Ce sont donc des témoignages et des notes confidentielles de la DRM, la Direction du renseignement militaire qui établissent cette connexion. Ces éléments accréditent « l’hypothèse » d’un lien entre l’assassinat de Ghislaine et Claude à Kidal et la libération des otages d’Arlit, formule Mediapart. L’une des notes de la DRM évoque une possible « vengeance » d’AQMI, laquelle pourrait être liée au détournement d’une partie de la rançon versée par l'État français pour libérer les otages d’Arlit.

Un jihadiste cité dans une note de la DRM a ainsi « vivement reproché […] de n’avoir jamais reçu de sommes d’argent en remerciement de son aide apportée à la prise en charge de la garde des otages » d’Arlit, énonce encore Mediapart.

Otages d’Areva : micmac à Bamako

Justement. On en sait aussi un peu plus sur ladite rançon versée par la France pour la libération des otages d’Areva. Ou plutôt sur les deux rançons, précise encore ce journal en ligne, une de 12 millions d’euros, l’autre de 30. Au total, donc, « Aqmi a reçu 42 millions d’euros de rançon pour les sept otages d’Areva », affirme l’ancien directeur de cabinet de la DGSE Pierre-Antoine Lorenzi, qui a négocié la seconde libération des otages.

De quoi, à l’évidence, acheter des armes, beaucoup d’armes, à la plus grande consternation de l’ex-président malien Amadou Amani Touré, dit ATT. Cadre d’Air France envoyé par l’ancien PDG de la compagnie aérienne française Jean-Cyril Spinetta pour prendre contact avec les ravisseurs, Guy Delbrel raconte ainsi dans Mediapart, sa visite début 2011 au président malien ATT pour lui transmettre les remerciements de Spinetta car trois otages français vont être libérés. Et là, le président ATT tombe des nues.

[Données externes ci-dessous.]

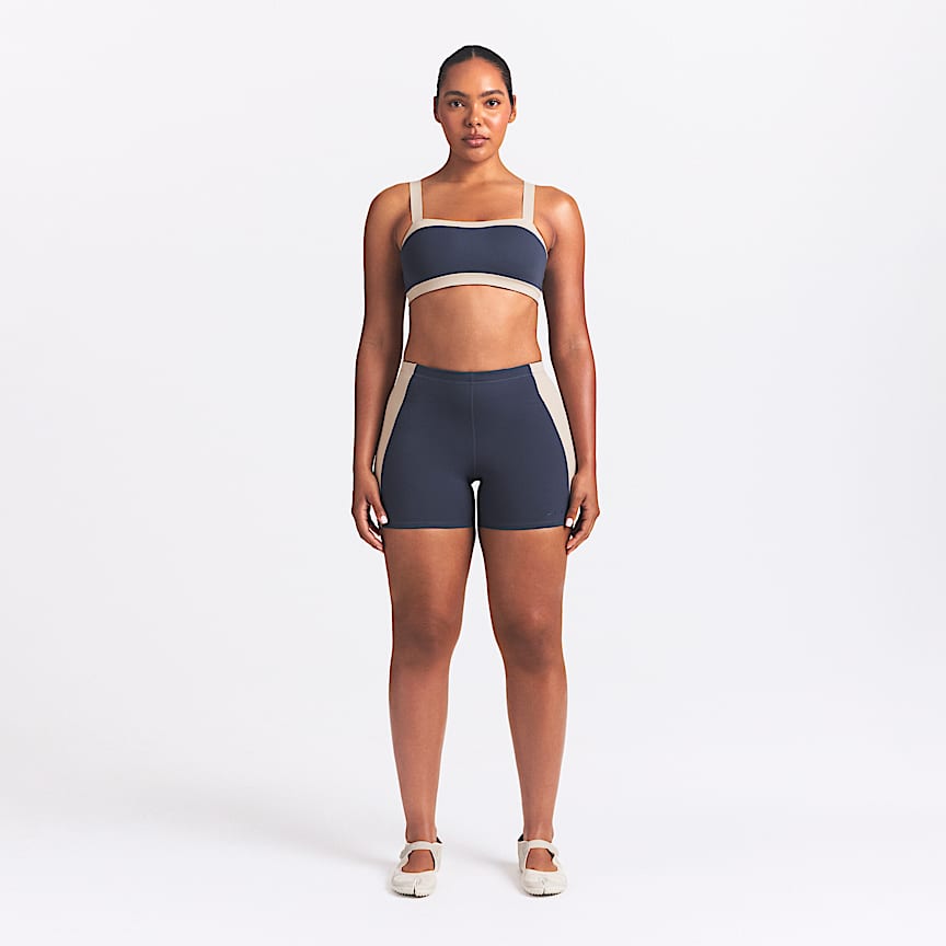 • Body: 80% polyester/20% spandex. Panels: 72% polyester/28% spandex. Panels lining: 88% polyester/12% spandex.

C’est la première fois que cette hallucinante histoire est rapportée. « Lorsque je vois ATT, je me rends compte que je lui apprends (cette prochaine) libération, raconte encore Delbrel. Il est désorienté, il me demande de rester et il convoque Mani Coulibaly, le chef de la DGSE malienne. Devant moi, il lui dit qu’il vient d’apprendre de ma bouche la libération des otages. “Est-ce que tu es au courant ?” demande-t-il. Coulibaly (…) baisse la tête et explique : “Je le savais, mais (le négociateur français) Jean-Marc (Gadoullet) m’a dit de ne pas vous informer, que c’est le président Sarkozy qui va vous l’annoncer.” ATT le prend mal et demande à Coulibaly : “Mais c’est qui ton président ? Tu es employé de Sarkozy ou d’ATT ?” Le président lui dit : “Raconte-moi.” Et là Mani (Coulibaly) donne un chiffre : 13 millions (…)   “Eh bien, ça ne se passera pas sur le territoire (malien), décrète ATT” » ! On notera que le chiffre de 13 millions et non de 12 est évoqué ici pour la libération de trois des sept otages d’Arlit.

Selon Guy Delbrel, explique encore ce journal français sur Internet, le président Amadou Toumani Touré « tenait beaucoup à ce que les rançons ne dépassent pas (…) 2 millions par personne ». La suite n’est que cafouillages dans cette « opération secrète » qui a « bel et bien engagé l’État français », souligne Mediapart, qui précise qu’à la suite de cet épisode, « Mani Coulibaly perd(ra) ses fonctions à la tête de la DGSE malienne ».